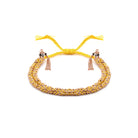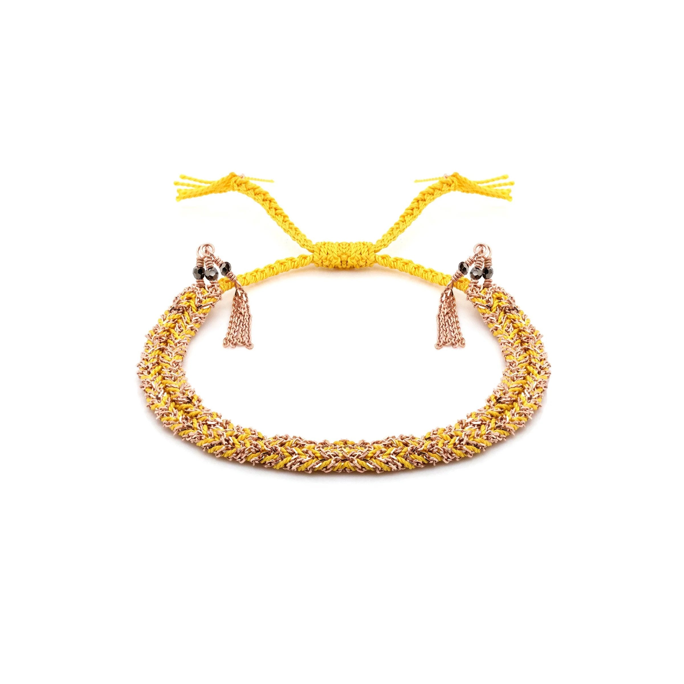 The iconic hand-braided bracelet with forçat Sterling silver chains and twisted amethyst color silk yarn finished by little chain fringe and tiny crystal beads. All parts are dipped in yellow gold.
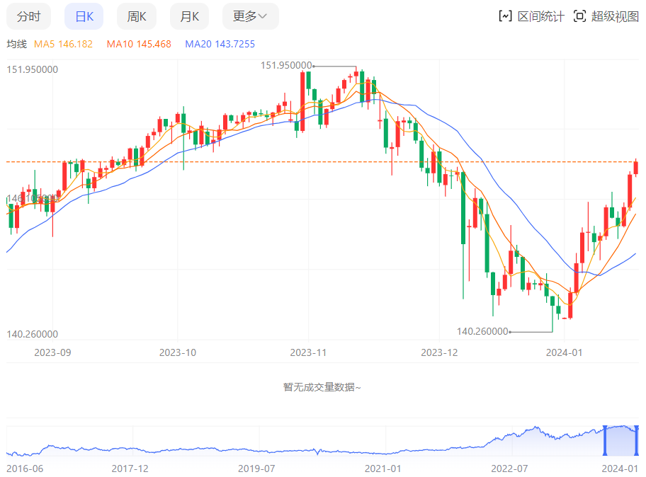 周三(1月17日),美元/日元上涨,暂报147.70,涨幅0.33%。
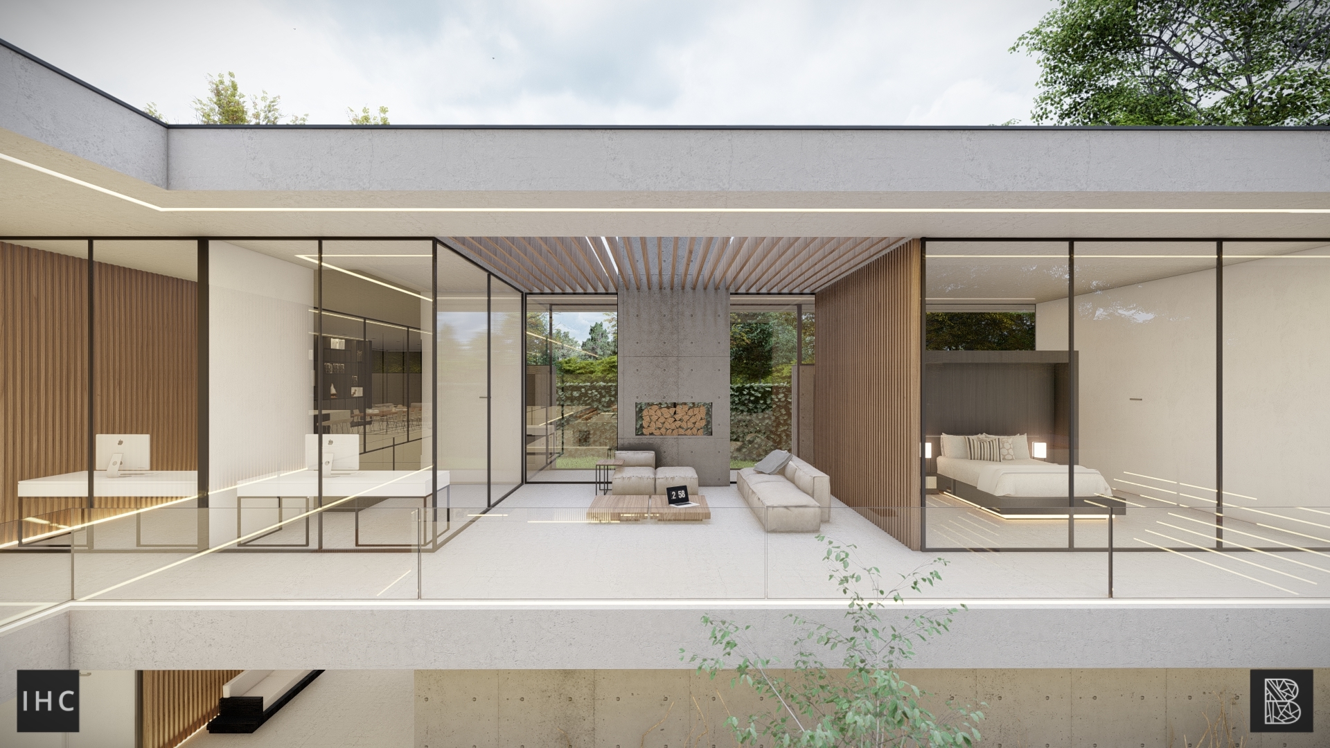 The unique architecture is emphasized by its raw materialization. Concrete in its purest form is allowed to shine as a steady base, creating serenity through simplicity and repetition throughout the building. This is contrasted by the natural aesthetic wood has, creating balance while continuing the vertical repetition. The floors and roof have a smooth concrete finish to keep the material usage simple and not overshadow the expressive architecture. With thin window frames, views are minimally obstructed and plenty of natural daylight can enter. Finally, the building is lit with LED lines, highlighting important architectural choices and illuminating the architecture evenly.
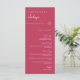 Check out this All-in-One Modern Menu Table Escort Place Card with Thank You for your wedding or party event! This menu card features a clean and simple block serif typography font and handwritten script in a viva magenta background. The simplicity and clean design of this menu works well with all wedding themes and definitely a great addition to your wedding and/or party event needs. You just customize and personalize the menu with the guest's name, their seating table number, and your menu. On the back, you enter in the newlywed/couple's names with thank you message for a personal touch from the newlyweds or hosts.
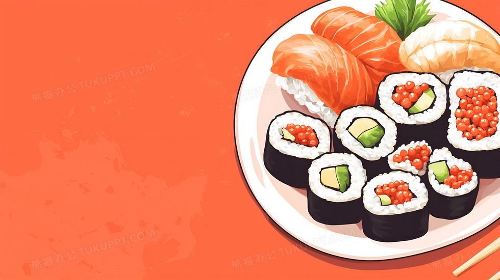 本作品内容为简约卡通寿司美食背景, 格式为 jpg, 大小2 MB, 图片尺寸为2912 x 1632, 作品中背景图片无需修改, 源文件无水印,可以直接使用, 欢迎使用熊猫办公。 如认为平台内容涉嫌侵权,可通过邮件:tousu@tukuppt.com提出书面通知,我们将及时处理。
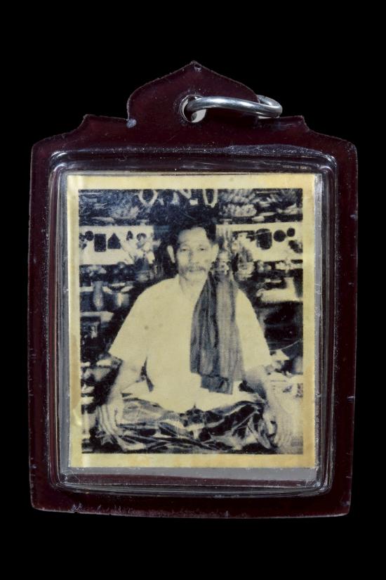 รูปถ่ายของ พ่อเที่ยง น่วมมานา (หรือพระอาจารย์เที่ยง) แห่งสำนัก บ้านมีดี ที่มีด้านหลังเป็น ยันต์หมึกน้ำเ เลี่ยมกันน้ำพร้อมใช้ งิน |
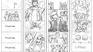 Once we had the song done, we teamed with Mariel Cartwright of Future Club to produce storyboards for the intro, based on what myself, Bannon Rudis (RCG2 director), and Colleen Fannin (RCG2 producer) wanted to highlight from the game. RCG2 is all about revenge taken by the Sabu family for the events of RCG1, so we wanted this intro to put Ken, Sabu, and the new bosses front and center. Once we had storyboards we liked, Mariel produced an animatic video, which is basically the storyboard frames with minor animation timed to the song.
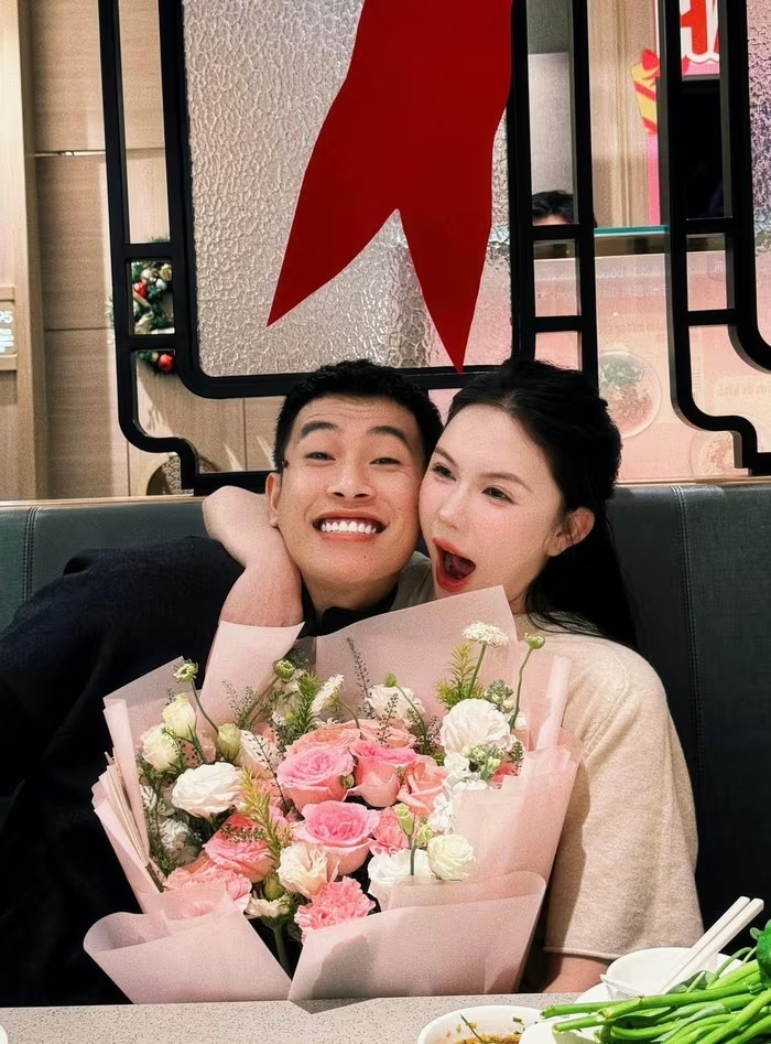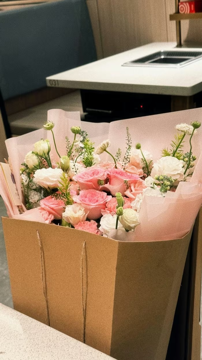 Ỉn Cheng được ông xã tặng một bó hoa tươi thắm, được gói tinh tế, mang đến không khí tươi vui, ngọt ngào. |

__Description of the task__.
Once the line with "รูปถ่ายของ พ่อเที่ยง น่วมมานา" has been found above, output that line and every later line exactly, stopping after the line with "Once we had the", and omit the pictures.

__Solution__.
 รูปถ่ายของ พ่อเที่ยง น่วมมานา (หรือพระอาจารย์เที่ยง) แห่งสำนัก บ้านมีดี ที่มีด้านหลังเป็น ยันต์หมึกน้ำเ เลี่ยมกันน้ำพร้อมใช้ งิน |
 Once we had the song done, we teamed with Mariel Cartwright of Future Club to produce storyboards for the intro, based on what myself, Bannon Rudis (RCG2 director), and Colleen Fannin (RCG2 producer) wanted to highlight from the game. RCG2 is all about revenge taken by the Sabu family for the events of RCG1, so we wanted this intro to put Ken, Sabu, and the new bosses front and center. Once we had storyboards we liked, Mariel produced an animatic video, which is basically the storyboard frames with minor animation timed to the song.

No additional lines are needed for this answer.